Abstract

9640 Background: We have previously reported significant placebo response in randomized controlled treatment trials for cancer related fatigue (CRF). We conducted a retrospective study to determine the frequency and predictors of response to placebo and nocebo effect in patients with CRF. Methods: We reviewed patients that received placebo in two previous randomized clinical trials conducted by our group and determined the proportion of patients who demonstrated clinical response to fatigue using an increase (ΔFACIT-F score) > 7 from baseline to day 8, and those with nocebo response as those who reported side effects. Baseline patient characteristics and symptoms recorded from the Edmonton Symptom Assessment Scale (ESAS) were analyzed to determine their association with placebo and nocebo effects. Results: A total of 105 advanced cancer patients received placebo. 59 (56%) patients responded to placebo (median Δ FACIT-F score of 22). Worse baseline anxiety and well-being subscale score (univariate) and well-being (multivariate, MR) were significantly associated with placebo response.
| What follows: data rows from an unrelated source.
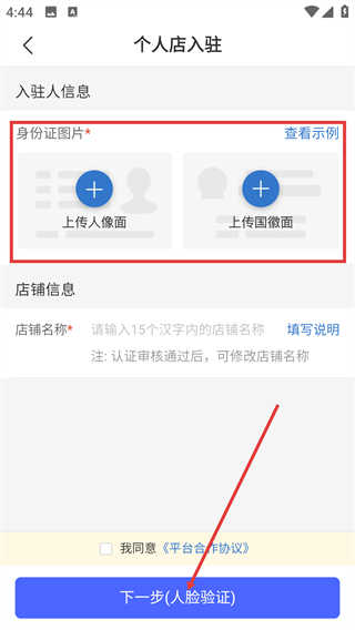 4、进入个人店入驻页面,上传【身份证图片-人像面-国徽面】,填店铺名后点【下一步(人脸验证)】完成提交。
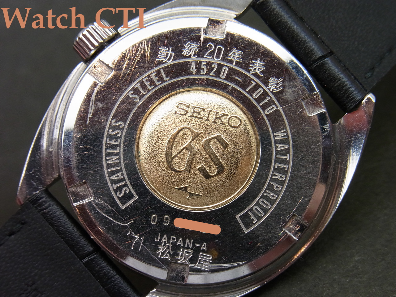 *ケースバックには「松坂屋」さんで1971年に勤続20年を迎えた従業員の方への記念品を示す献辞が刻まれております!企業もの献辞のGSと言えば何といっても「東芝」が数で圧倒しておりますが、こちら7010番ケースのGSを記念品に使うあたりのセンスはデパートならではでしょうか….!
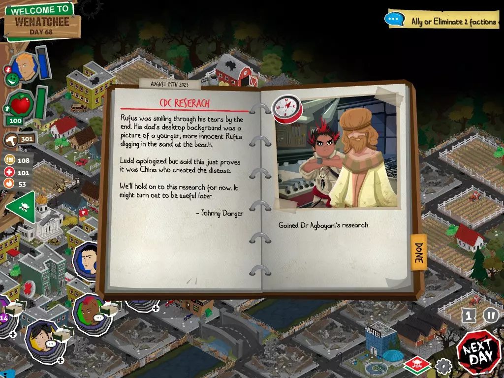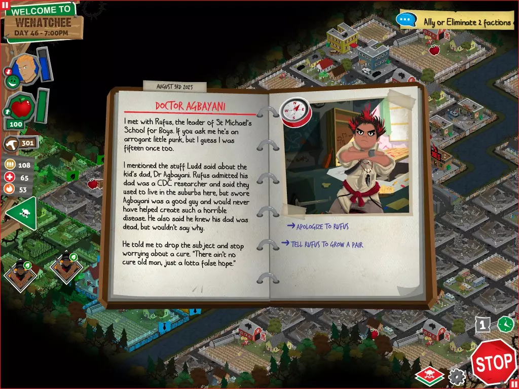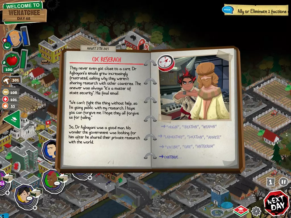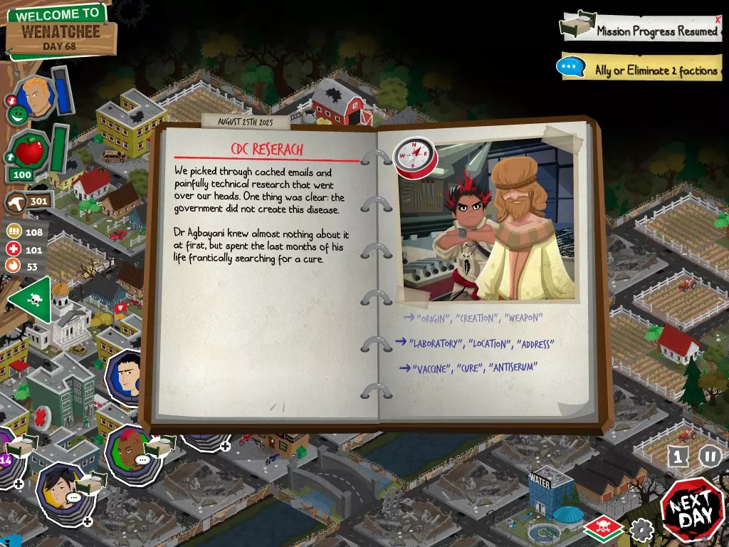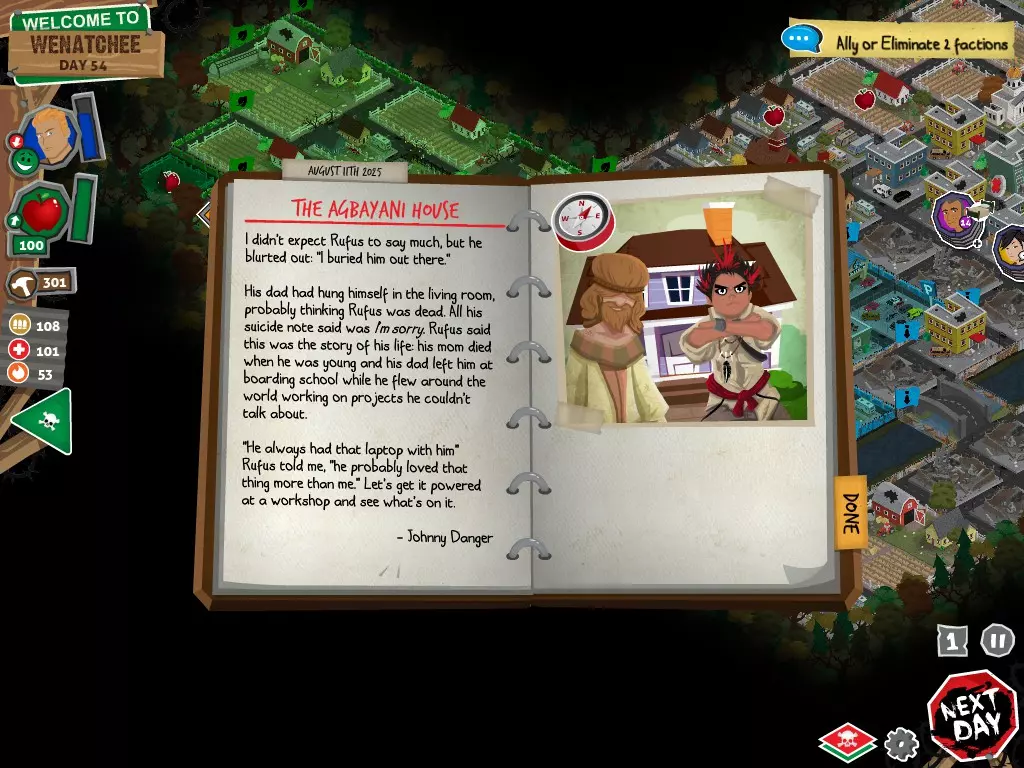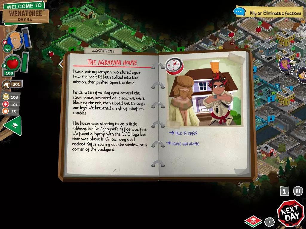 在任何情况下,都不要选择【向[势力]宣战】选项。否则你将无法获得达成圆满结局所需的必要物品。你可以拒绝,可以拖延,甚至可以表示需要和平。阿格巴亚尼的研究分步指南 对两个派系都保持友好 步骤 行动 事件名称 对话选项 1 和拉德交谈 阴谋论 【鼓励拉德继续说】 2 和鲁弗斯交谈 阿格巴亚尼医生 【向鲁弗斯道歉】 3 和拉德交谈 它会腐蚀你的大脑 【是的,带拉德去鲁弗斯的旧房子】 4 和鲁弗斯交谈 说服鲁弗斯 任意选项 5 前往公寓 阿格巴亚尼的房子 任意选项都会进入下一个事件,但根据你的选择,你会失去或获得尊重 6 使用工坊为笔记本电脑供电 疾控中心研究 任意选项 截图
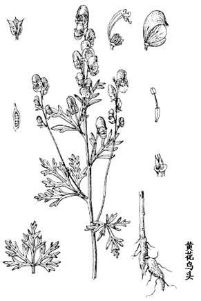 化合物成分:关附素(guanfubase)A、B、C、D、E、F、G、H、I、Z,次乌头碱(hypaconitine),β-谷甾醇(β-sitosterol),油酸(oleic acid),亚油酸(linoleic acid),棕榈酸(palmitic acid)和24-乙基胆甾醇(24-ethylcholesterol)。
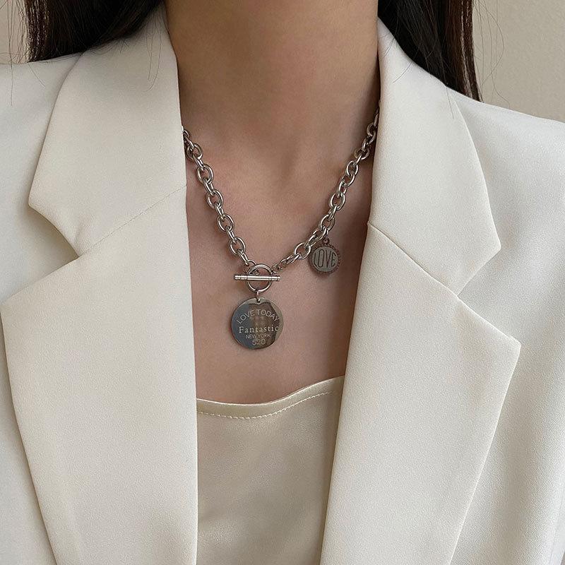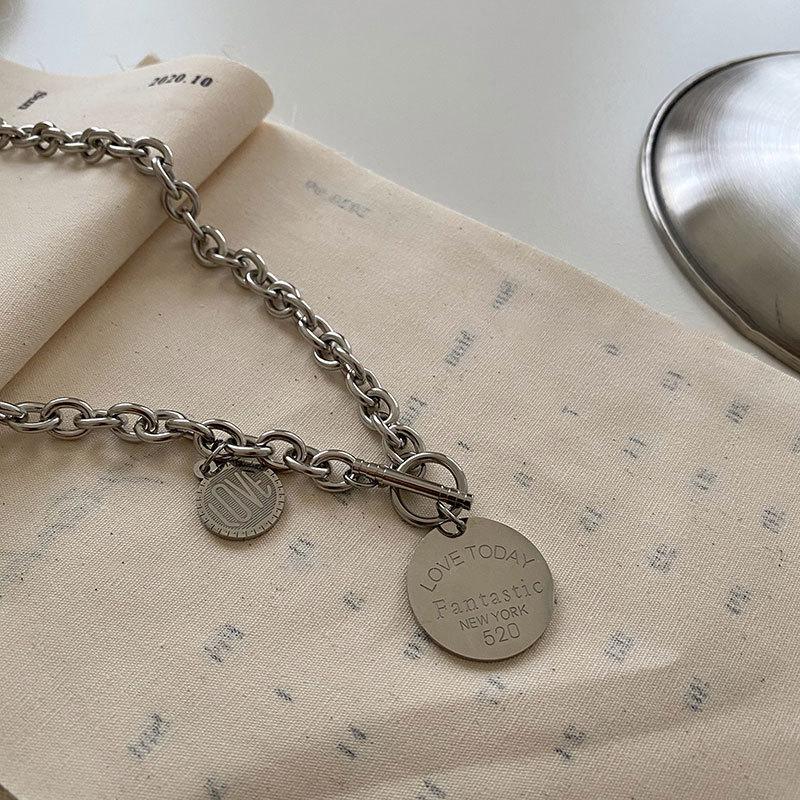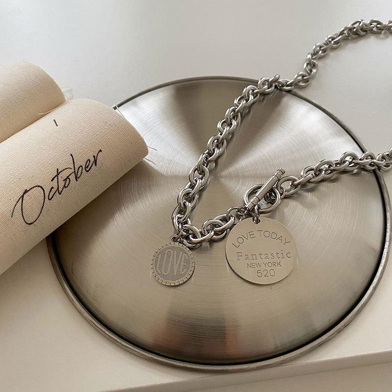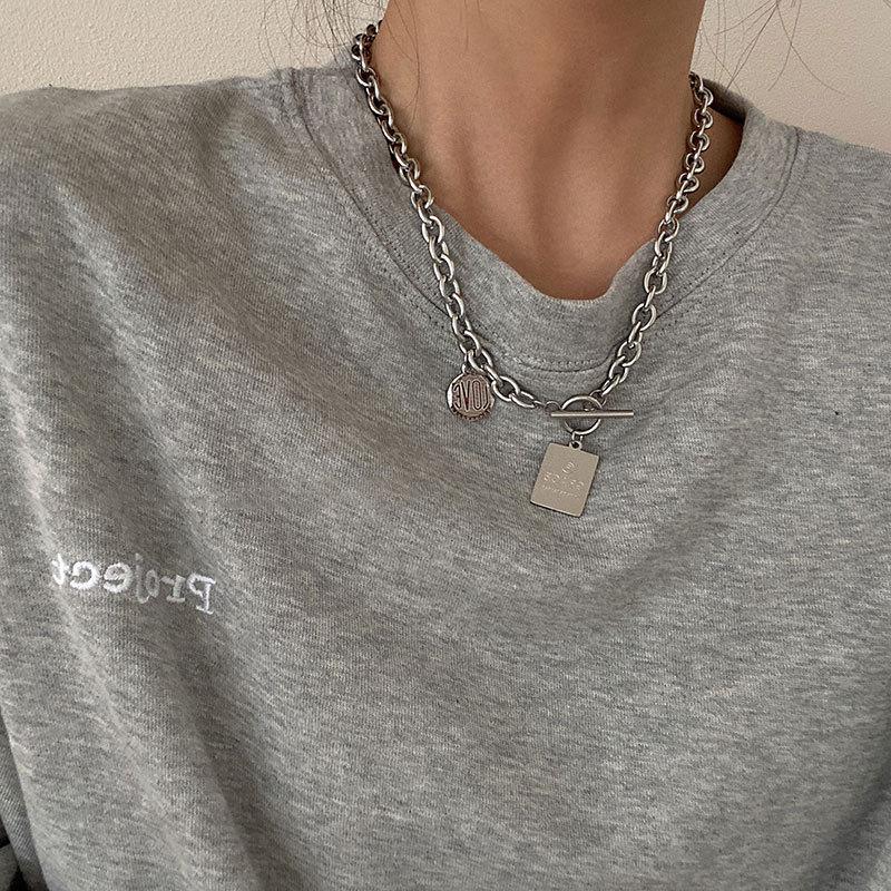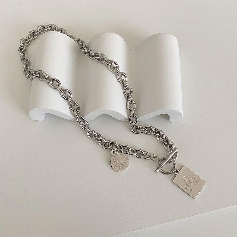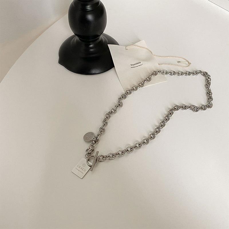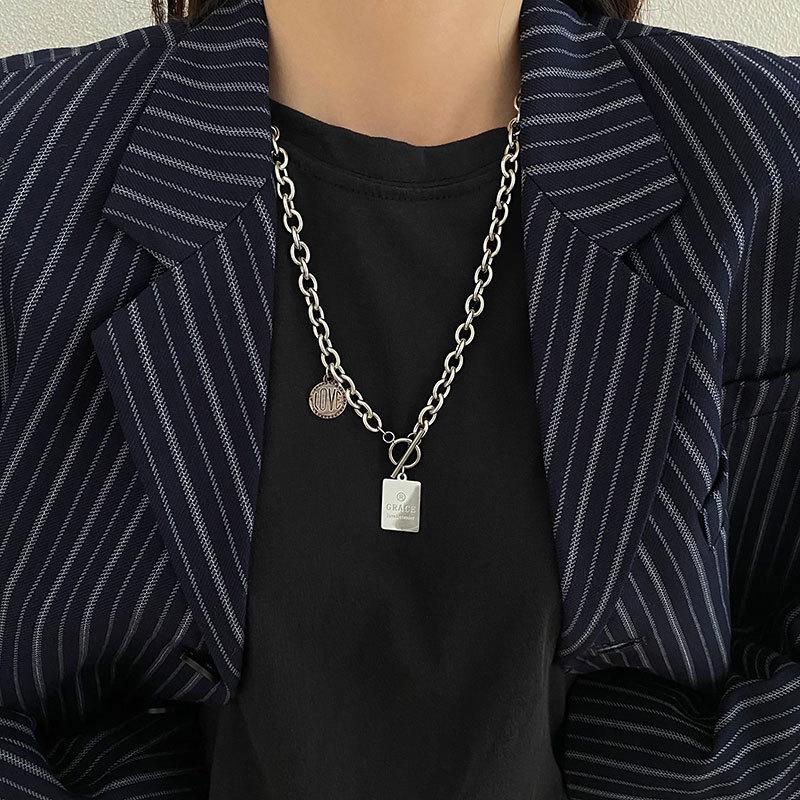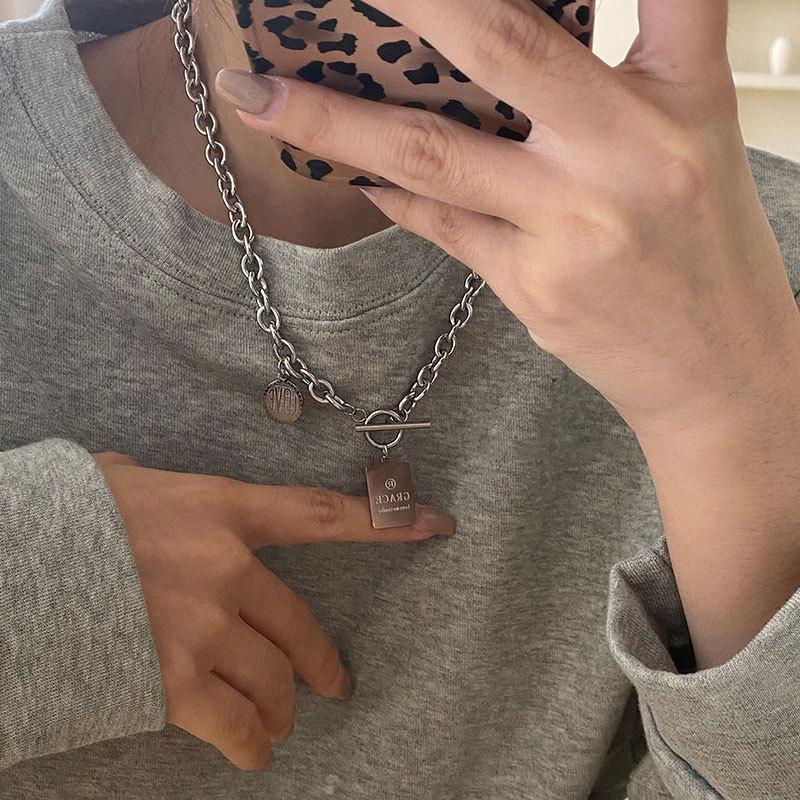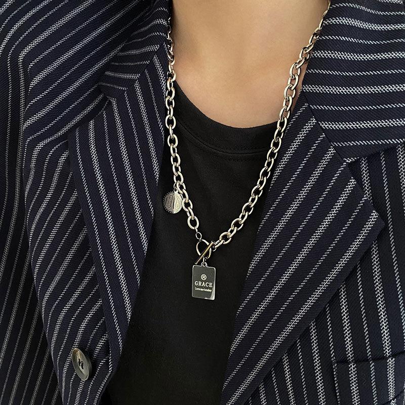 Collar con diseño de nicho de lujo, ligero y de acero de titanio para mujeres y hombres, moderno collar de estilo hip hop con cadena de clavícula y accesorios largos de lana sencilla.

Common side effects reported were insomnia (79%), anorexia (53%), nausea (38%) and restlessness (34%). MR analysis showed that worse baseline (ESAS) sleep, appetite, nausea, and restless are associated with increased reporting of these side effects ( Table ). Conclusions: Nearly half of advanced cancer patients enrolled in the fatigue trials responded to placebo. Worse physical well-being score was associated with placebo response. Patients experiencing specific symptoms at baseline were more likely to report these as side effects of the medication. These findings should be considered in fatigue clinical trial design. [Table: see text] No significant financial relationships to disclose.